For downpours, I use Endura's Stealth Lite uninsulated bib tights. They're a variety of rainwear. They don't seem as plastic-wrap as most rainwear, but thay also aren't entirely waterproof either. Mainly it's leaky seams. At least I don't sweat quite so much in them.

Rapha is well above my budget, but I'd think something sold as "deep winter" would be far too warm above freezing.


----------



## kjdhawkhill (Jan 29, 2011)

I ride in bib-tights

I like softshell bib-tights, but my (recreational, when-I-feel-like-it only) commute is more like an hour and a quarter and so riding gear meant for "spirited" riding is a little more important. They're close enough to waterproof that I don't worry about water. I have nothing against rain pants, but I have ridden to work with temps nearing the single digits, and if I need the insulation anyway, I don't see the benefit of 100% waterproof but non-insulative layer. 

I can see the arguments for a Gore layer if 35-45F downpours are a likelihood for your rides.


----------



## Wookiebiker (Sep 5, 2005)

I ride bib knickers year round on my 21 mile (each way commute). I've used them as low as 15 degrees and they work just fine. Just find some thicker bib knickers or tights and go with those.

The other benefit is if you hang them up at work and have a small fan blow on them while you are working ... they will be dry in an hour or so.


----------



## Deering (Apr 10, 2007)

Tights for me.
Okay, truth be told that I am in Southern California, so it isn't wet and cold like most of you folks. But I figure in the rain, I will be getting wet no matter what, so best to try and stay warm. So I have been using unpadded bib tights with padded shorts underneath. 
I like MB1 use of the Gore Active Shorts over the tights. If I lived where there is more rain, I would consider these.


----------



## bigbill (Feb 15, 2005)

I have some rain pants that I cut off right below the knee. They still kept me dry without creating a sauna. Your commute isn't long enough to worry about overheating. I was commuting in the PNW year round 21 miles each way. I'd take a little wet over being too hot.


----------



## Bill2 (Oct 14, 2007)

I'd go with tights. Best ones I've got for temps around 0℃ are Sugoi subzero.


----------



## dcgriz (Feb 13, 2011)

Bib tights for me as well. My rain suit - jacket and pants (PI Elite WB) - is in one of my panniers all the time for when it rains. Rain pants then go over the tights.


----------



## palu (Aug 14, 2008)

MB1 said:


> Gore ALP-X 2.0 GORE-TEX® ACTIVE SHORTS are by far the best wet, cold and nasty weather gear we have ever bought (yes they are expensive but they have lasted us several years and show no signs of wear). As a matter of fact your post reminded me how much I like them and I just bought another pair. Thanks.
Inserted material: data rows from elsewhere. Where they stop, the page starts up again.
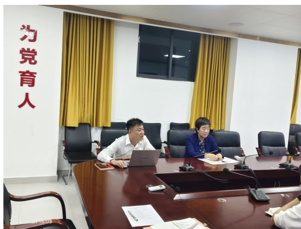
校级督导老师代表发言

构与格式不统一；三是摘要部分不规范；四是在语言表达方面，存在语言表达不规范的问题，存在口语化现象。
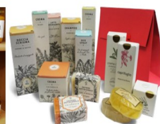
CONFEZIONE PRODOTTI FITO- COSMESI
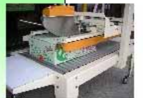
製品入れ上面梱包
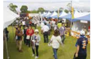
プレイベントの様子（平成26年10月4日、玉丘史跡公園）

■申込先／〒673-1431 加東市社 1386-8（株）神戸新聞事業社 北播支社（事業委託業者）☎0795-42-3326（平日9:00～17:00）FAX0795-42-3319 k0328ym_fudoki1300@kobe-j.co.jp
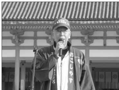
京都ツデーウォークにて

2年後には協会発足25周年を迎えますので、発足記念実行委員会を立ち上げました。毎月実施の例会、平日、基地及び歩育ウォーク等も、是非ご期待下さい。本年も会員の皆様にウォークを楽しんでいただけるように努力してまいりますので、ご参加をスタッフ一同お待ちしております。
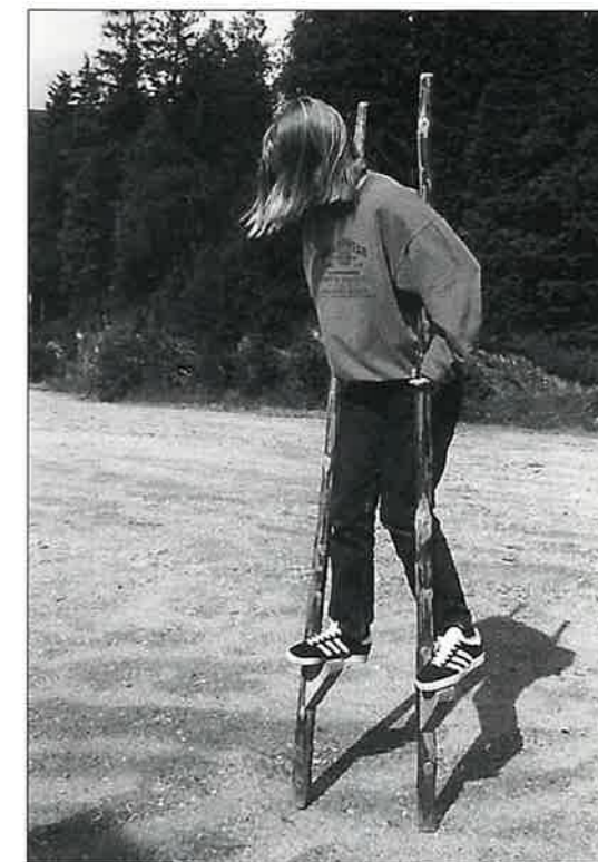
Her er det visst ei som kan kunsten å meis- tra styltene.
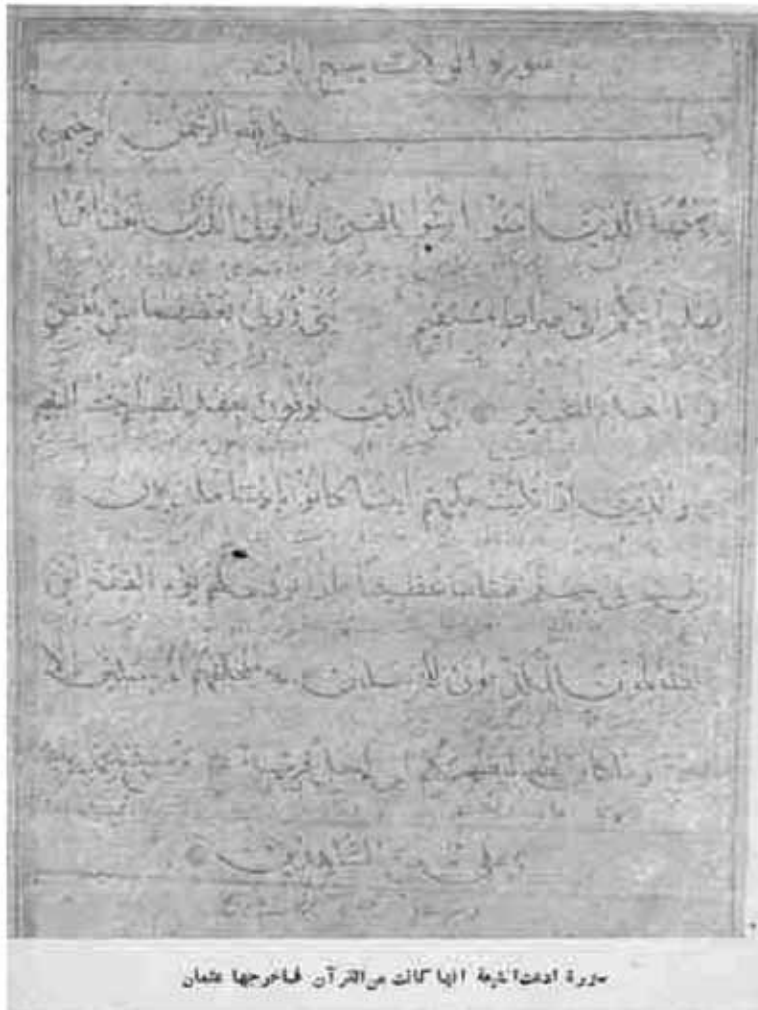
یکی از دو سوره که به قرآن افزوده اند

سیزدهم: در داستان امام ناپیدا سخن فراوانی هست و ایرادهای بسیاری توان گرفت:
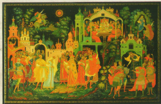
«Сказка о мертвой царевне и о семи богатырях» панно, 1992
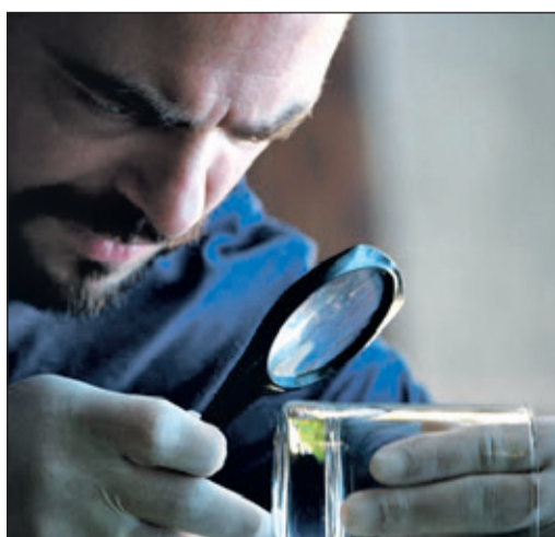
Diese Spur könnte zum Täter führen.

Die Zahl der Teilnahmeplätze ist begrenzt. Anmeldung am besten telefonisch unter 06196 208-255 oder per E-Mail unter stadtbuecherei@bad-soden.de.
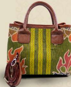
WB Dobby IDR 225.000,-
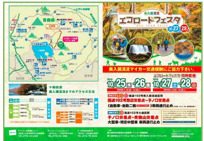
総合案内パンフレット

エコロードフェスタやマイカー交通規制はこの活動の一端として行われており、今年度は平成30年10月25日（木）～28日（日）の期間でマイカー規制が行われ、27日（土）及び28日（日）の2日間でエコロードフェスタが県道路課主催で開催されました。
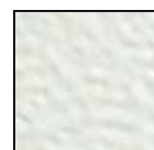
білий RAL 9002

Ворота SMART доступні в трьох стандартних кольорах: RAL 9002 (білий), RAL 9006 (сріблястий), RAL 6005 (зелений). В якості опції доступне фарбування в будь-який колір по RAL.
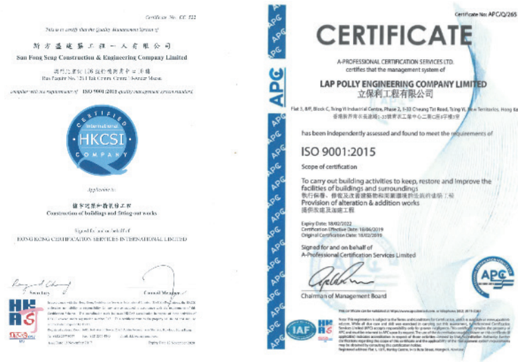
澳門及香港子公司的ISO 9001:2015 認證

本集團的質量管理體系已通過國際標準ISO 9001:2015的認證，為我們於建立質量政策和目標、建築活動的糾正和預防措施的過程提供框架。此質量管理體系由四個關鍵流程組組成，並為監控和控制集團的產品和服務質量奠定了更具系統化的基礎。我們就該四個關鍵流程組設計策略和計劃，同時採用與小組目標相關的關鍵績效指標來控制和監視相關表現。
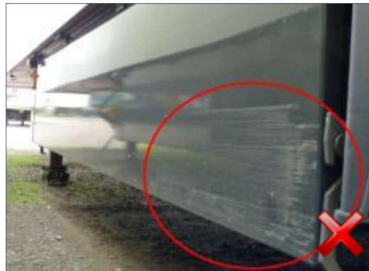
Rodzaj obciążenia: naprawa (proporcjonalnie do czasu trwania)
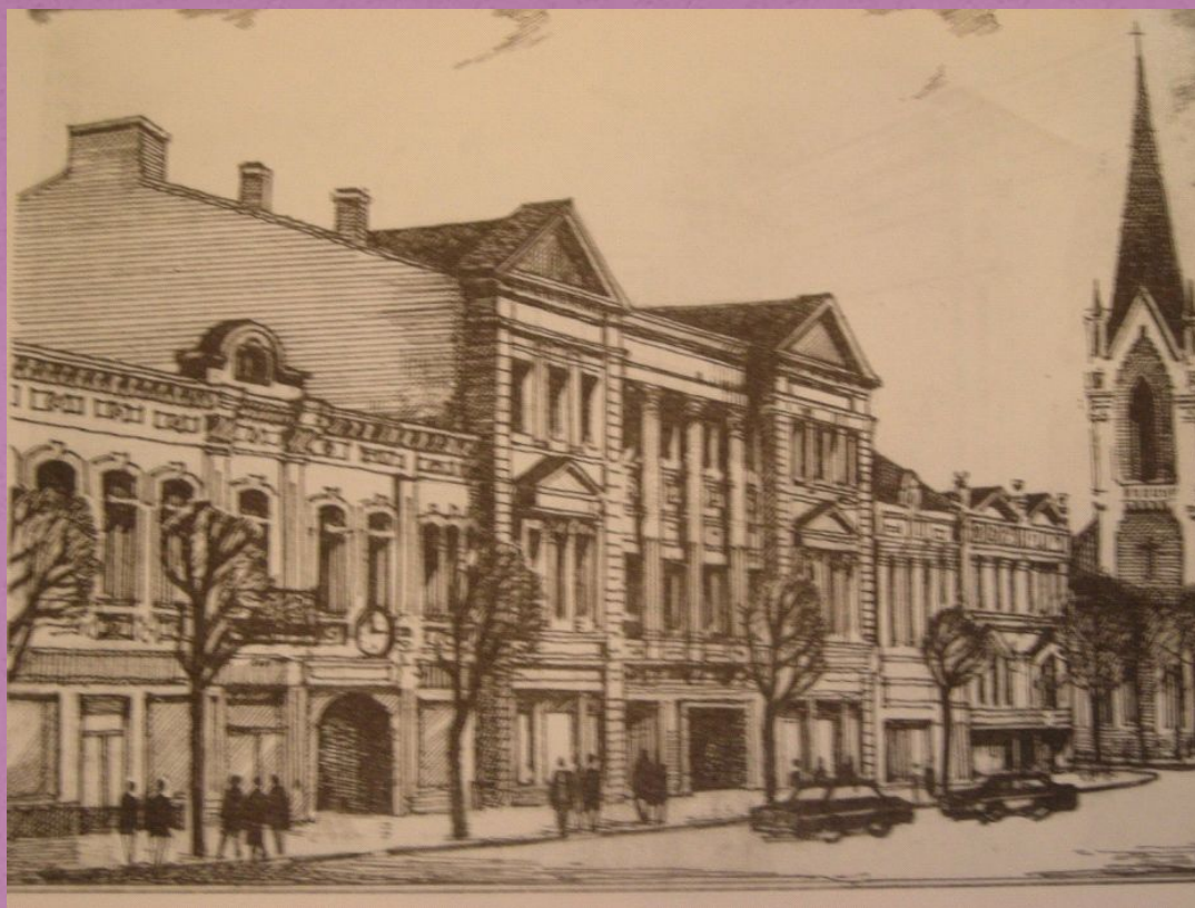
Здание школы №15 советский период
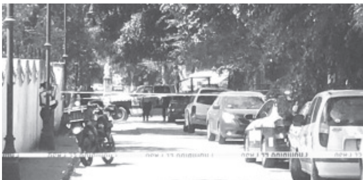
El hallazgo lo realizaron empleados del DIF cuando detectaron el coche de su compañero, a quien no habían visto desde el pasado 5 de marzo.

Hasta la comentada dirección llegaron patrulleros locales y paramédicos, quienes confirmaron el fallecimiento del individuo y delimitaron el perímetro, entonces alertaron a la Fiscalía General del Estado (FGE), cuyos especialistas se encargaron de las investigaciones respectivas y trasladaron el cadáver a la morgue para la práctica de la necropsia de ley, a efecto de determinar el origen de la defunción.
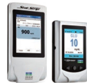
スタートストリップグルコースケトン (左) スタートストリップエクスプレスグルコースケトン (右)

Totally off-topic, but is that a Waterford singlespeed you're on, MB1? Back part is smudged, so couldn't tell if it's an IGH (but don't see a shifter up front). Looks sweet.


----------



## bradkay (Nov 5, 2013)

For rainy weather I like Sugoi's Firewall tights - they have a water resistant front that keeps my knees warm without overheating. In really cold, wet weather I use my old (1994?) Sugoi Stretch Entrant tights that were also water resistant in the front but had more insulation against the cold than the Firewall tights have.


----------



## M.J. (Jan 28, 2004)

stunzeed said:


> I need some pants to brave the winter commuting here in portland and would be nice to double as cold weather riding gear. I am hesitant to purchase rain pants for a couple reasons; 1 most do not fit me due to short inseam, they do not seem ideal for spirited riding
> 
> My commute is a 5 mile each way, I will be riding in weather down to low 30's in the AM.
> 
> ...


as long as you have fenders I don't think it really matters...


----------